Why Rust's async functions should use the outer return type approach

Async Rust is currently experiencing an interesting time. The pull request that adds initial support for async functions to the compiler is open, pinning is maturing, the essential parts of the task system needed to execute futures has been added into libcore and version 0.3 of the futures crate which works with the new pinning-based approach is being actively worked on. Everything is coming together very nicely, and I firmly believe, once the dust settles, Rust will be one of the most compelling languages to write server applications in because it will be blazing fast and ergonomic to use.

The approach for async functions that is currently being implemented does, however, contain one design choice that I disagree with. It's about how the function signature of an async function looks like and I think that the chosen approach doesn't fit in well with the rest of the language. In this blog post I want to fully explain what it is that I'd like to do differently and more importantly why I think the other way is better.

Now, you might ask: Why bring this up now and not during the RFC discussion? The answer is simple: When I read the RFC I agreed with the reasons presented in it. Now, however, after seeing the various implications of the decision, I do not agree anymore and therefore I write this blog post to make my concerns known.

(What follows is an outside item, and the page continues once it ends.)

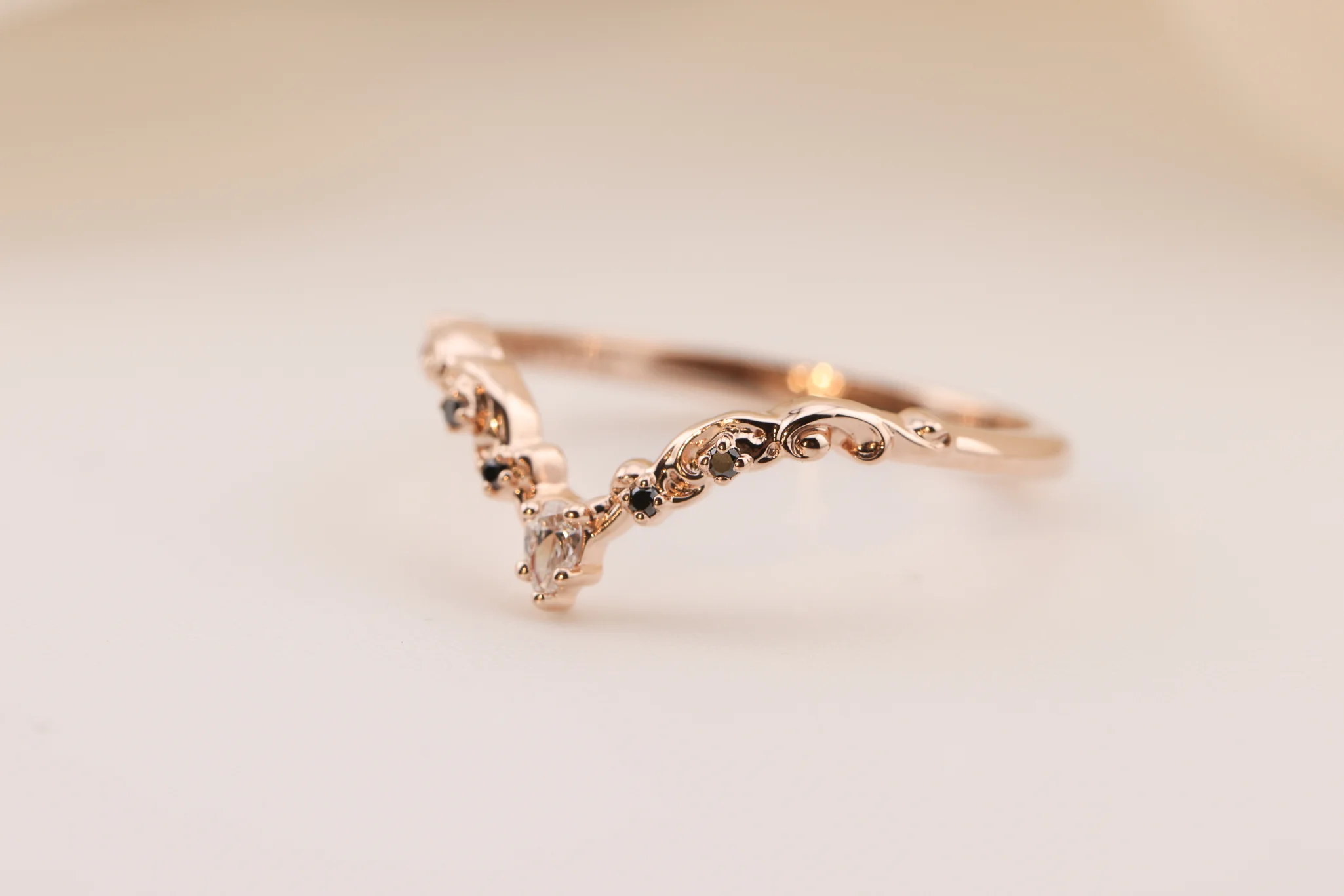 - Deep curved filigree. This ring has a very deep curve so looks best with my Aurora three stone or another ring that needs a slightly deep curve

This post is mostly a summary of a thread about async functions on the Rust internals forum. I think this post should be a nice read even if you've read the thread.

I will present the reasons for and against both sides as clearly as possible. Feel free to contact me on the internals forum or on Discord if you think that I misrepresented something. However, keep in mind that this blog post is an opinion piece. Therefore, each point always includes my personal assessment of how important I feel it is and my final verdict is an opinion based on these assessments.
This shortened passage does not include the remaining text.